Listed records section start

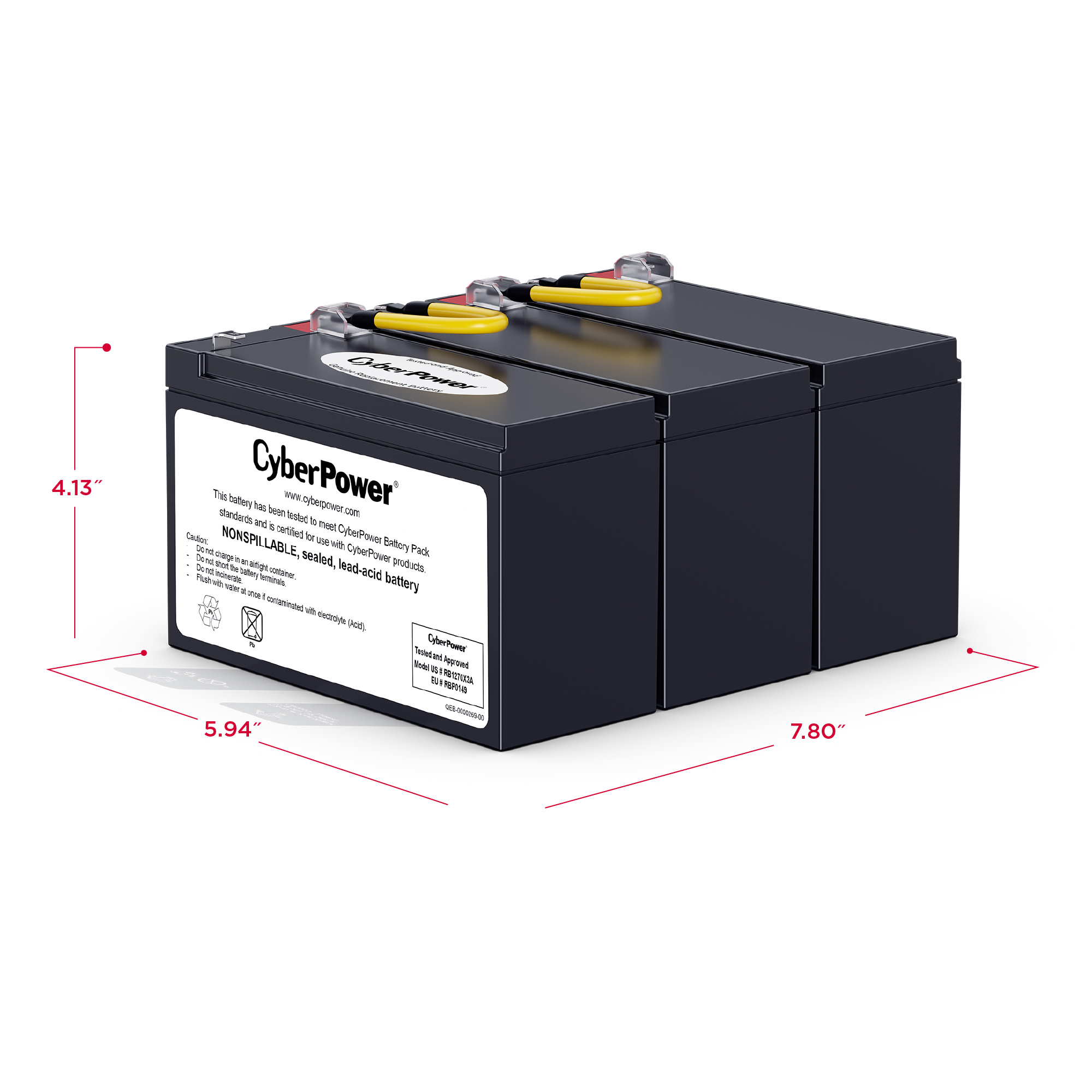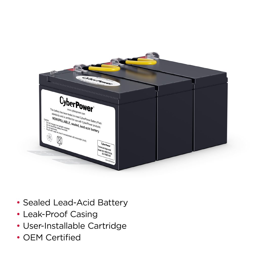 The RB1270X3A UPS Replacement Battery Cartridge restores life to CyberPower UPS systems that have weak or completely depleted internal batteries. The RB1270X3A contains three 12V/7Ah batteries, certified to meet or exceed original manufacturer specifications. This leak-proof, sealed lead-acid battery never requires replacement fluid. The pre-assembled cartridge installs easily into your CyberPower UPS system and is shipped with reusable packaging for delivering expired batteries to a suitable recycling center. The RB1270X3A comes with instructions, recycling information, and an eighteen-month warranty.
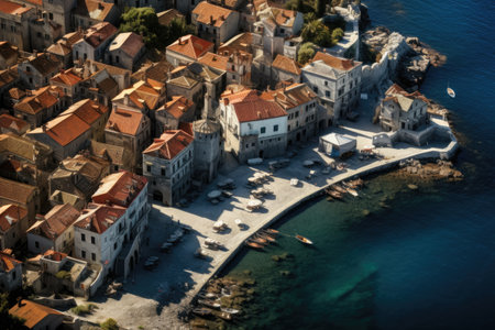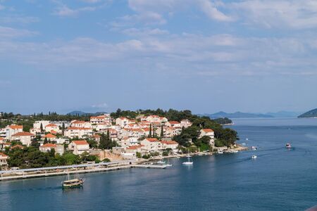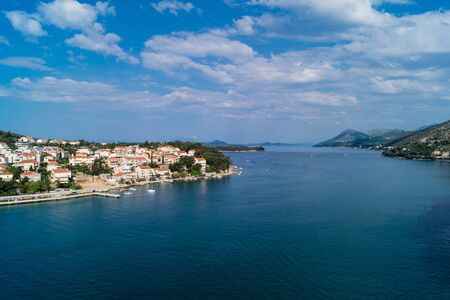 Stock photo of aerial view of the coastline of the village of Dubrovnik, Croatia, Travel concept
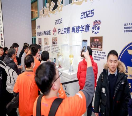 場館內,30周年紀念T恤與泛黃的舊球衣交相輝映;環廊里,“以城之名,迎潮而立”特展前圍滿了駐足的人群,2002年CBA總冠軍獎杯與2025年CBA俱樂部杯冠軍獎杯在展柜里靜靜對望,泛黃的紀念郵票、比賽票根將三十年時光拉得觸手可及。
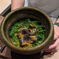 マグロ出汁で炊き上げるごはんにじっくりと香りを引き立てながら焼いた鮎を合わせる「鮎と万願寺唐辛子の土鍋」
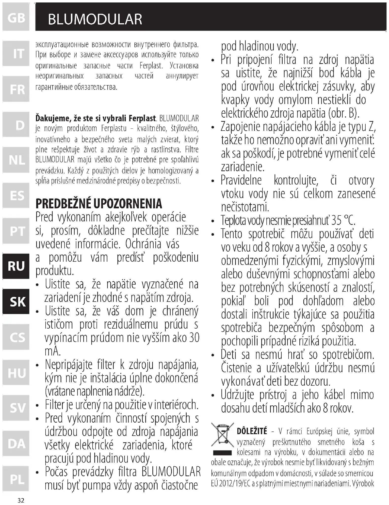 - Pri výmene komponentov filtra použite len originálne náhradné diely od spoločnosti Ferplast. Použitie neoriginálnych dielov má za následok zrušenie záruky. Náhradné diely a prísluš enstvo Všetky diely filtra sú ľahko vymeniteľné. Náhradné diely sú dostupné v predajniach, kde boli filtre zakúpené. V takýchto predajniach je dostupné aj rôznorodé príslušenstvo, ktoré je spoloč nosťou Ferplast neustále aktualizované a pomocou ktorého možno filter prispôsobiť akýmkoľvek potrebám. Na výmenu komponentu filtra môže byť použitý len originálny náhradný diel od spoločnosti Ferplast. Len tieto diely zaručujú prevádzkyschopnosť a bezpečnosť filtra. Inštalácia neoriginálnych dielov má za následok zrušenie záruky. Děkujeme vám, že jste si vybrali značku Ferplast. Filtr BLUMODULAR je novým produktem značky Ferplast - kvalitního, stylového, moderního a bezpečného světa malých zvířat, který plně respektuje život a zdraví ryb a rostlin. Filtry BLUMODULAR mají vše, co je potřebné ke spolehlivému provozu. Každý z použitých dílů je homologovaný a splňuje příslušné mezinárodní předpisy o bezpečnosti.
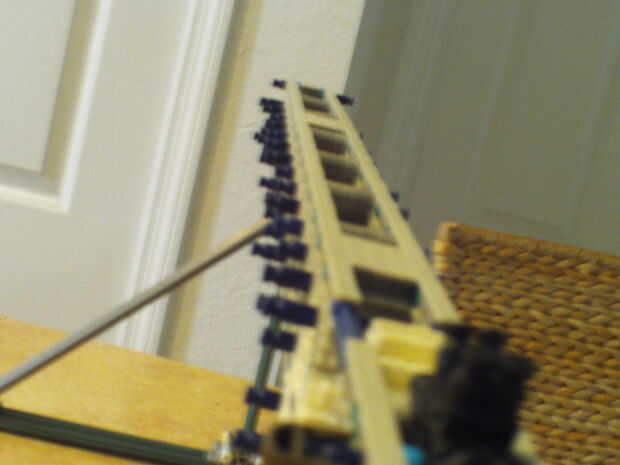 esto es, de lejos mi mejor arma diseñado que he hecho. es muy precisa y con una buena banda de goma tiene un buen rango (40-50 pies). la acción es duradera y el mango diseñado para parecerse a los springfields. está cargada y dispara barras blancas.
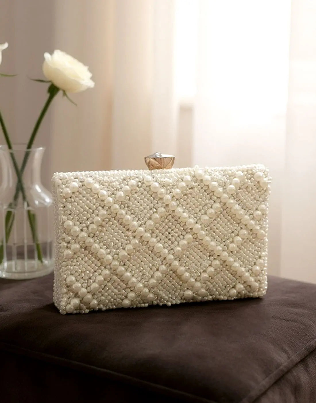 Stylish White Beaded Clutch Bag – Geometric Design for Weddings & Party Wear
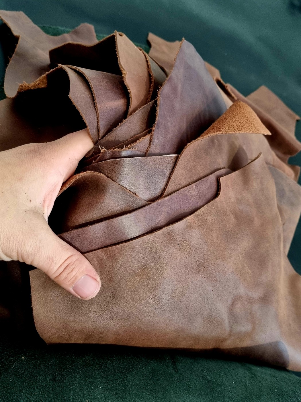 Brūni crazy horse ādas atgriezumi - 2kg paka
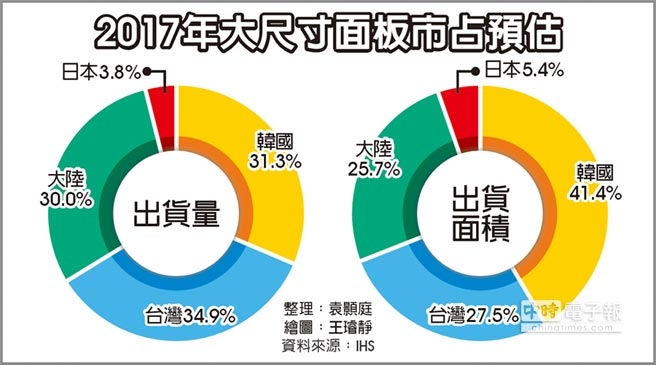 自從日本2001年成為LCD產業市佔首位後,韓國接下來16年都是液晶顯示器全球市佔率出貨最高國家,如果這份IHS MARKIT報告成真,台灣將成為2017年新霸主。
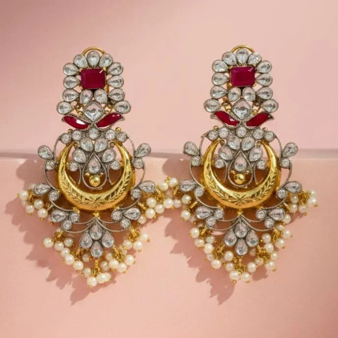 The earrings, which have rich magenta-colored stones placed in an opulent gold-plated frame, are sophisticated and lively.
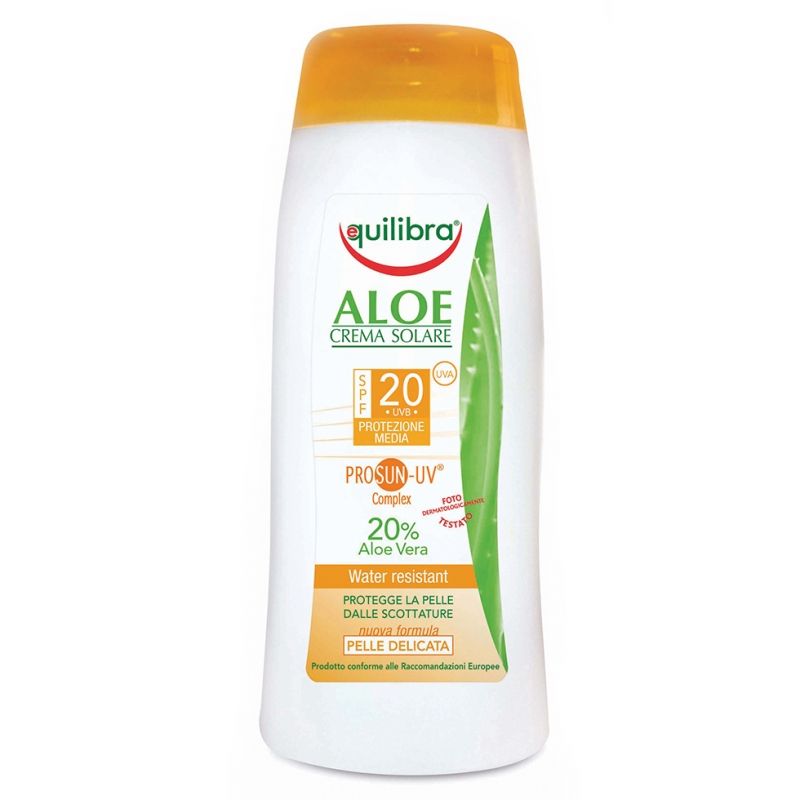 Equilibra® Aloe Sun cream SPF 20 PROSUN-UV® Complex protects the skin from burns and ensures a healty and natural suntan. Carrot oil and vitamin E stimulate the natural defenses of the skin. The tolerability of the phototested product is reinforced by the presence of aloe and the absence of perfume.

Listed records section end

The problem: The records above should be repeated exactly, with every picture omitted.

Written solution:
 The RB1270X3A UPS Replacement Battery Cartridge restores life to CyberPower UPS systems that have weak or completely depleted internal batteries. The RB1270X3A contains three 12V/7Ah batteries, certified to meet or exceed original manufacturer specifications. This leak-proof, sealed lead-acid battery never requires replacement fluid. The pre-assembled cartridge installs easily into your CyberPower UPS system and is shipped with reusable packaging for delivering expired batteries to a suitable recycling center. The RB1270X3A comes with instructions, recycling information, and an eighteen-month warranty.
 Stock photo of aerial view of the coastline of the village of Dubrovnik, Croatia, Travel concept
 場館內,30周年紀念T恤與泛黃的舊球衣交相輝映;環廊里,“以城之名,迎潮而立”特展前圍滿了駐足的人群,2002年CBA總冠軍獎杯與2025年CBA俱樂部杯冠軍獎杯在展柜里靜靜對望,泛黃的紀念郵票、比賽票根將三十年時光拉得觸手可及。
 マグロ出汁で炊き上げるごはんにじっくりと香りを引き立てながら焼いた鮎を合わせる「鮎と万願寺唐辛子の土鍋」
 - Pri výmene komponentov filtra použite len originálne náhradné diely od spoločnosti Ferplast. Použitie neoriginálnych dielov má za následok zrušenie záruky. Náhradné diely a prísluš enstvo Všetky diely filtra sú ľahko vymeniteľné. Náhradné diely sú dostupné v predajniach, kde boli filtre zakúpené. V takýchto predajniach je dostupné aj rôznorodé príslušenstvo, ktoré je spoloč nosťou Ferplast neustále aktualizované a pomocou ktorého možno filter prispôsobiť akýmkoľvek potrebám. Na výmenu komponentu filtra môže byť použitý len originálny náhradný diel od spoločnosti Ferplast. Len tieto diely zaručujú prevádzkyschopnosť a bezpečnosť filtra. Inštalácia neoriginálnych dielov má za následok zrušenie záruky. Děkujeme vám, že jste si vybrali značku Ferplast. Filtr BLUMODULAR je novým produktem značky Ferplast - kvalitního, stylového, moderního a bezpečného světa malých zvířat, který plně respektuje život a zdraví ryb a rostlin. Filtry BLUMODULAR mají vše, co je potřebné ke spolehlivému provozu. Každý z použitých dílů je homologovaný a splňuje příslušné mezinárodní předpisy o bezpečnosti.
 esto es, de lejos mi mejor arma diseñado que he hecho. es muy precisa y con una buena banda de goma tiene un buen rango (40-50 pies). la acción es duradera y el mango diseñado para parecerse a los springfields. está cargada y dispara barras blancas.
 Stylish White Beaded Clutch Bag – Geometric Design for Weddings & Party Wear
 Brūni crazy horse ādas atgriezumi - 2kg paka
 自從日本2001年成為LCD產業市佔首位後,韓國接下來16年都是液晶顯示器全球市佔率出貨最高國家,如果這份IHS MARKIT報告成真,台灣將成為2017年新霸主。
 The earrings, which have rich magenta-colored stones placed in an opulent gold-plated frame, are sophisticated and lively.
 Equilibra® Aloe Sun cream SPF 20 PROSUN-UV® Complex protects the skin from burns and ensures a healty and natural suntan. Carrot oil and vitamin E stimulate the natural defenses of the skin. The tolerability of the phototested product is reinforced by the presence of aloe and the absence of perfume.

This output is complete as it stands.